Updated on February 14, 2012

With Easter upon us many people, parents especially, will likely be hitting the stores for egg dying kits. However, it is not necessary to buy a kit to decorate your eggs. While you likely won't design a Fabrige style egg after reading this article, you should be proficient in basic egg decoration. The best part is that it is simple and you will find most, if not all, ingredients are already in your cupboard.

Basic Dye Recipe

10 drops of your favorite food coloring. More or less drops may be used depending on how intense you want the color.

1 Tbsp white vinegar

1/2 cup water

That's it. Dunk your hard-boiled egg, let it soak for 30 to 60 seconds and voila.
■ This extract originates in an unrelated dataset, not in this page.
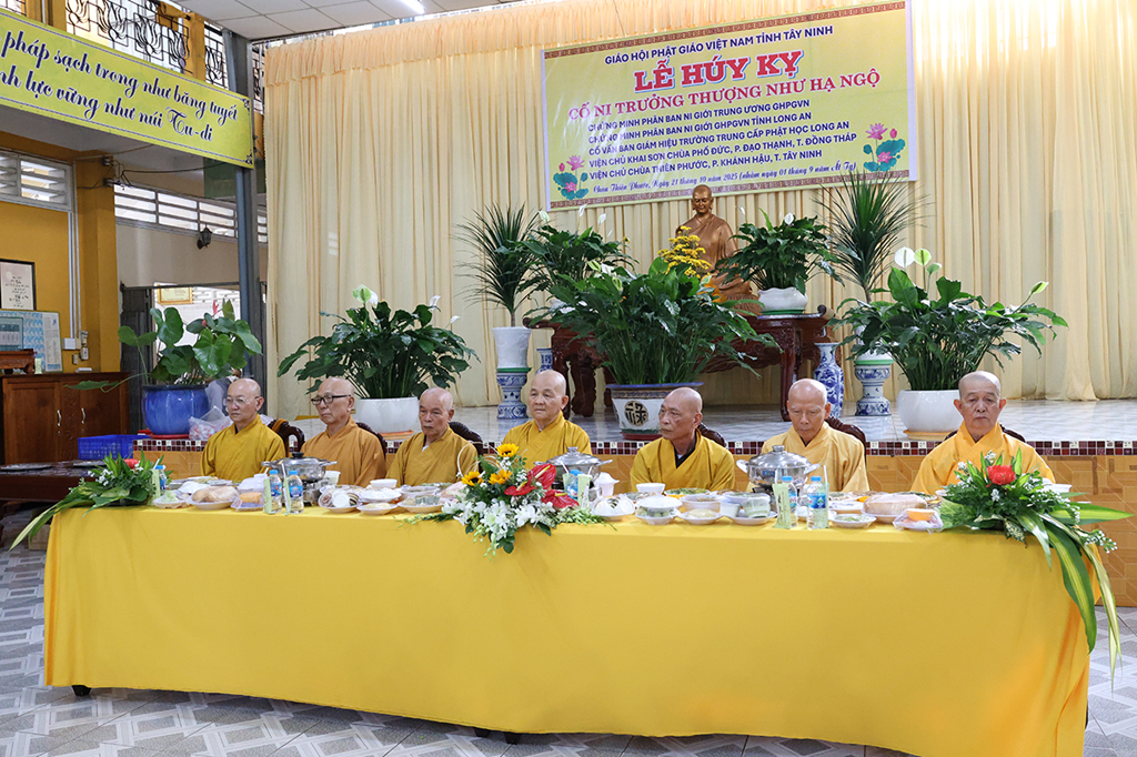 Sáng ngày 21/9/2025 (nhằm ngày 01/9/Ất Tỵ), môn nhân pháp quyến Ni viện Thiên Phước, phường Khánh Hậu, tỉnh Tây Ninh long trọng tổ chức Lễ Tưởng niệm Cố Ni trưởng Thích nữ Như Ngộ – Chứng minh Phân ban Ni giới Trung Ương GHPGVN, Chứng minh Phân ban Ni giới thuộc Ban Tăng sự GHPGVN tỉnh Long An, Cố vấn Ban Giám hiệu Trường Trung cấp Phật học Long An, Viện chủ chùa Thiên Phước.

Okay, here's where it gets interesting. With the basic recipe above you can make a single color egg or you can dunk first one side then the other, to get multiple colors, but here are some other options:

Rubber Bands: If you wrap rubber bands around your egg before dying, the result will be an egg with a pattern on it. You could first dye your egg one color, rinse it, put on the rubber bands and then dye it another color if you want to add color to the resulting pattern.

Sticker Stenciling: stickers are another great way to prevent dye from touching portions of the egg. Try using letter stickers to put a child's monogram or even complete name on their egg. After it has been dyed, simply remove the stickers.

Tie Dying: Rinse the boiled eggs in vinegar the put them in a colander in the sink. Take your bottles of dye and put a few drops on each egg then gentle agitate colander and allow eggs to set for about 30 seconds. You can repeat this process with up to three colors-- more than that and the colors start to get muddy.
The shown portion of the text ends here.